» What the task asks
Below are the records; reproduce all of them exactly but without any images.

» Extracted records

○ ○ ○ ○

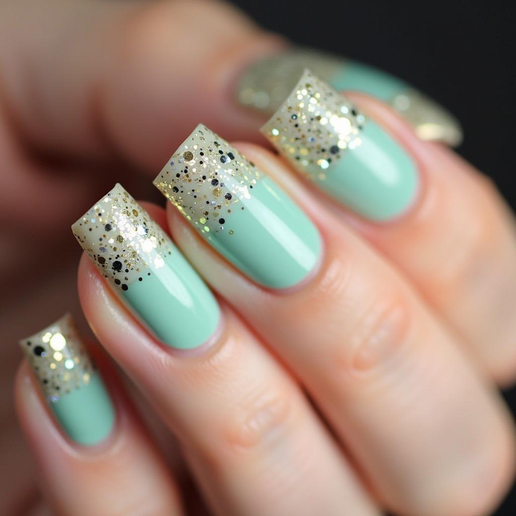 Start with a mint green base and blend in gold glitter at the tips for a trendy yet sophisticated manicure.
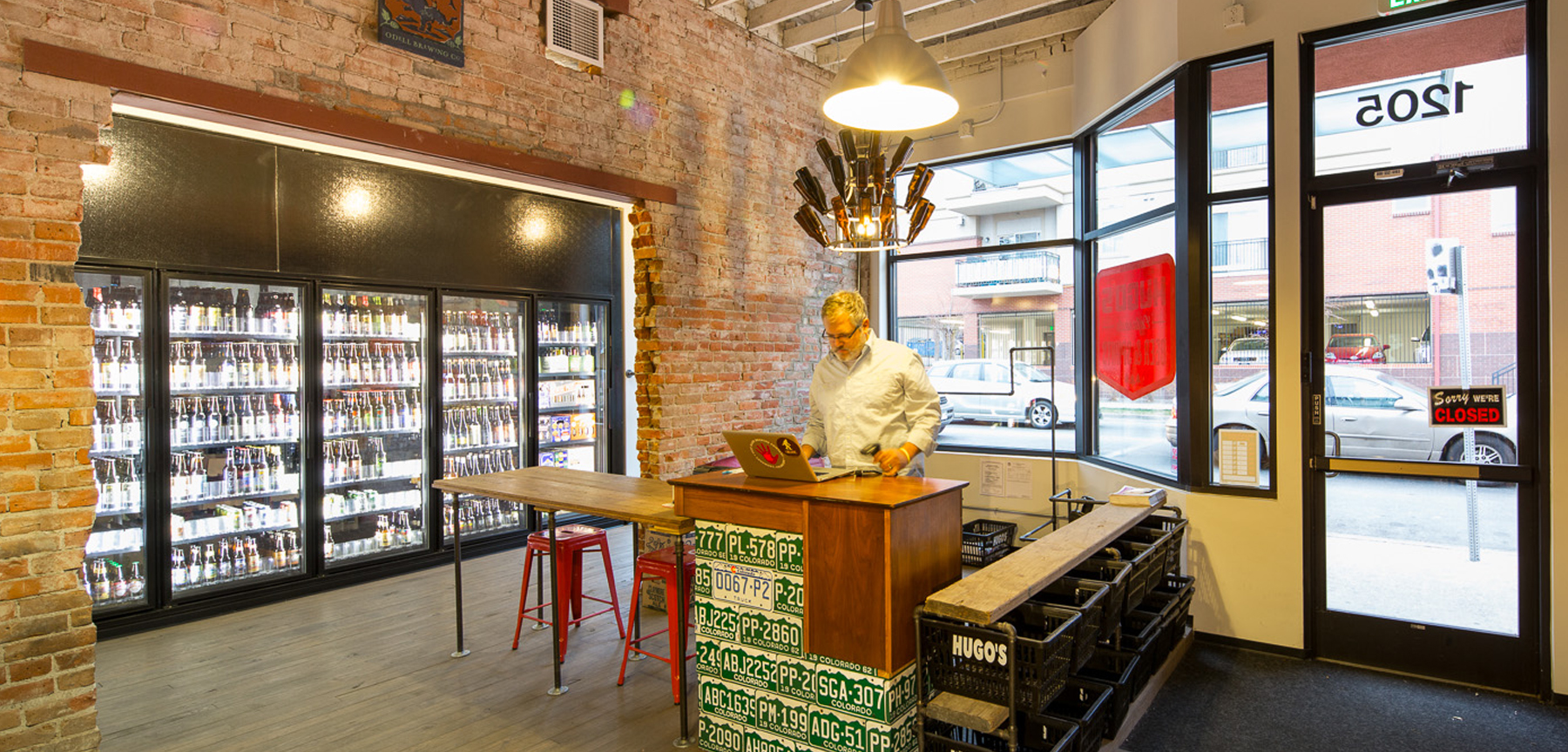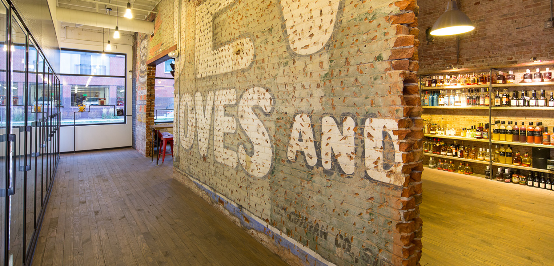 Hugo’s address, once a home to Nicolo’s Pizza, which is now in a larger space next door, was set to be a home to a small Mexican restaurant, but instead Hugo’s took over. The existing space was a challenge due to it being a closed in space. Jordy Construction cut and structurally stabilized two openings in the existing 18’ brick load bearing wall to give the space an open concept. Structural openings were just the beginning in this full renovation project. After selective demolition of many of the existing surfaces, new electrical, plumbing, refrigeration, and HVAC were installed. Hugo’s Colorado Beer and Spirits does not feel like a liquor store. The walls are exposed brick, the shelving is made of gas pipe and scaffolding, and the new wood floor was finished to look like the original flooring of the building. There is also an ancient chalk mural inside the space that was part of the building when one of the walls faced the exterior. This project was completed in four workings weeks to meet the Owners schedule. With communication and commitment, this 1,400 square foot project is a real treasure. The vibe of the space is raw, handmade and comfortable.
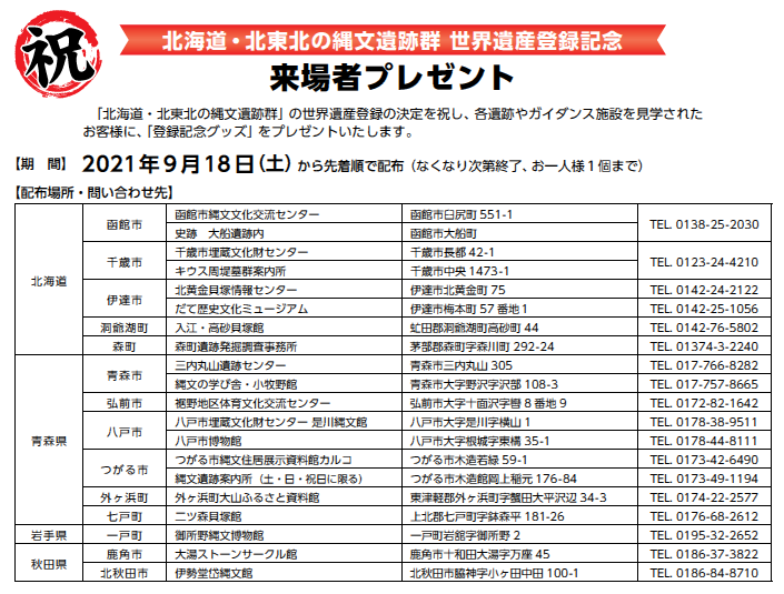 『北海道・北東北の縄文遺跡群まるごとナビ2021』でお知らせしている世界遺産登録記念来場者プレゼント(18ページ掲載)について、令和3年9月18日(土曜日)からの配布を予定しておりましたが、新型コロナウィルス感染症拡大防止に伴う臨時閉館等のため配布開始日が延長となります。
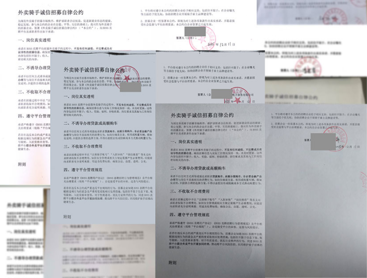 在此基础上,近期BOSS直聘联合外卖平台与102家外卖配送企业共同签署了《外卖骑手诚信招募自律公约》(以下简称《公约》)。这是外卖配送招聘企业首个以“诚信”为核心的行业自律公约。公约重点包括岗位真实透明、不诱导贷款购车、不收取不合理费用、遵守平台管理规范等方面。
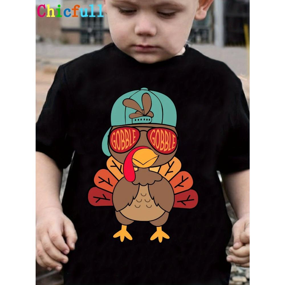 Fashionable Boy Turkey Print T-shirt Thanksgiving Clothing Short-sleeved Round-neck Casual Top — buy online with free worldwide shipping!
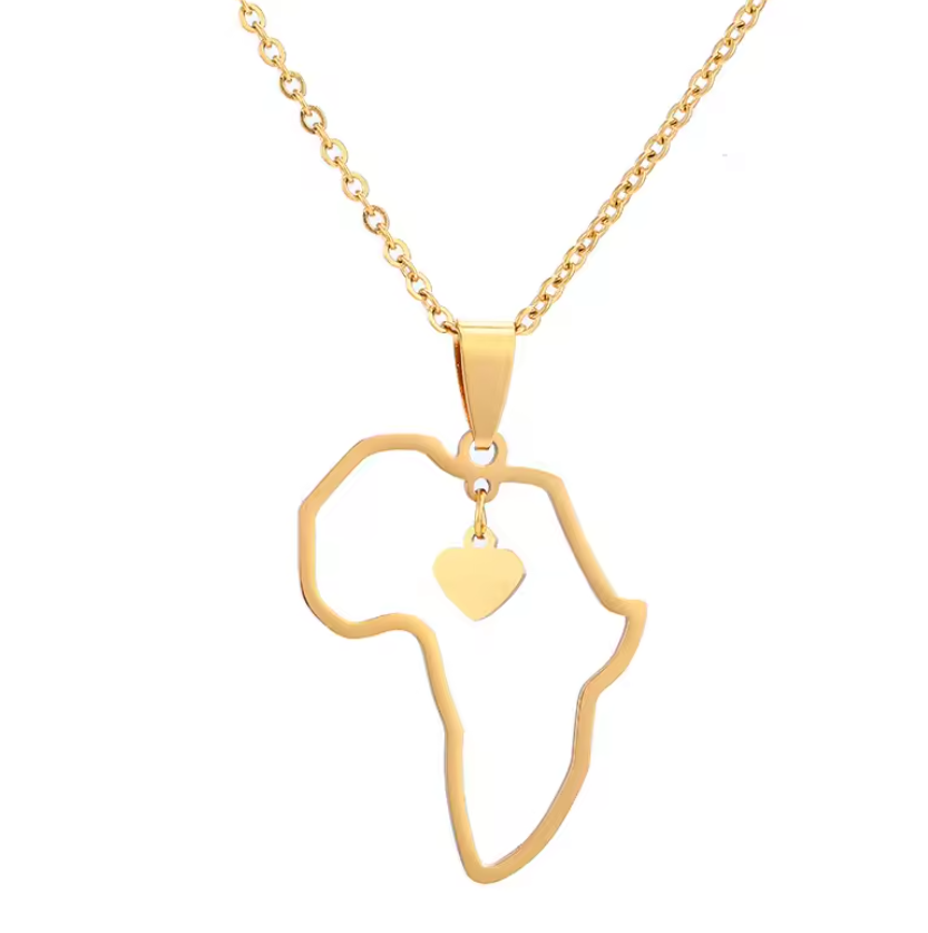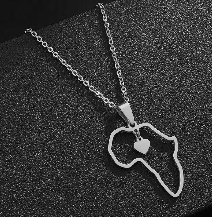 Embrace the beauty of Africa with this stunning necklace, featuring a silver or gold plated pendant adorned with a heart.
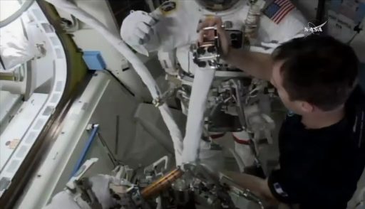 Thomas Pesquet working with the single remaining SCU – Photo: NASA TV
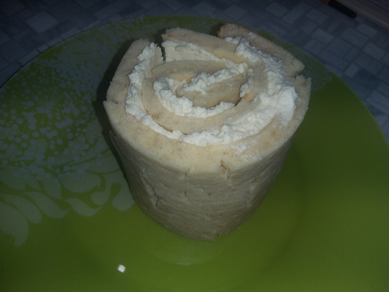 Следующие полоски также смазывать кремом и наматывать на рулетик на тарелке, формирую "годовые кольца" дерева. Оставшимся кремом смазать бока и верх торта.:

○ ○ ○ ○

» Response to the exercise
 Start with a mint green base and blend in gold glitter at the tips for a trendy yet sophisticated manicure.
 Hugo’s address, once a home to Nicolo’s Pizza, which is now in a larger space next door, was set to be a home to a small Mexican restaurant, but instead Hugo’s took over. The existing space was a challenge due to it being a closed in space. Jordy Construction cut and structurally stabilized two openings in the existing 18’ brick load bearing wall to give the space an open concept. Structural openings were just the beginning in this full renovation project. After selective demolition of many of the existing surfaces, new electrical, plumbing, refrigeration, and HVAC were installed. Hugo’s Colorado Beer and Spirits does not feel like a liquor store. The walls are exposed brick, the shelving is made of gas pipe and scaffolding, and the new wood floor was finished to look like the original flooring of the building. There is also an ancient chalk mural inside the space that was part of the building when one of the walls faced the exterior. This project was completed in four workings weeks to meet the Owners schedule. With communication and commitment, this 1,400 square foot project is a real treasure. The vibe of the space is raw, handmade and comfortable.
 『北海道・北東北の縄文遺跡群まるごとナビ2021』でお知らせしている世界遺産登録記念来場者プレゼント(18ページ掲載)について、令和3年9月18日(土曜日)からの配布を予定しておりましたが、新型コロナウィルス感染症拡大防止に伴う臨時閉館等のため配布開始日が延長となります。
 在此基础上,近期BOSS直聘联合外卖平台与102家外卖配送企业共同签署了《外卖骑手诚信招募自律公约》(以下简称《公约》)。这是外卖配送招聘企业首个以“诚信”为核心的行业自律公约。公约重点包括岗位真实透明、不诱导贷款购车、不收取不合理费用、遵守平台管理规范等方面。
 Fashionable Boy Turkey Print T-shirt Thanksgiving Clothing Short-sleeved Round-neck Casual Top — buy online with free worldwide shipping!
 Embrace the beauty of Africa with this stunning necklace, featuring a silver or gold plated pendant adorned with a heart.
 Thomas Pesquet working with the single remaining SCU – Photo: NASA TV
 Следующие полоски также смазывать кремом и наматывать на рулетик на тарелке, формирую "годовые кольца" дерева. Оставшимся кремом смазать бока и верх торта.:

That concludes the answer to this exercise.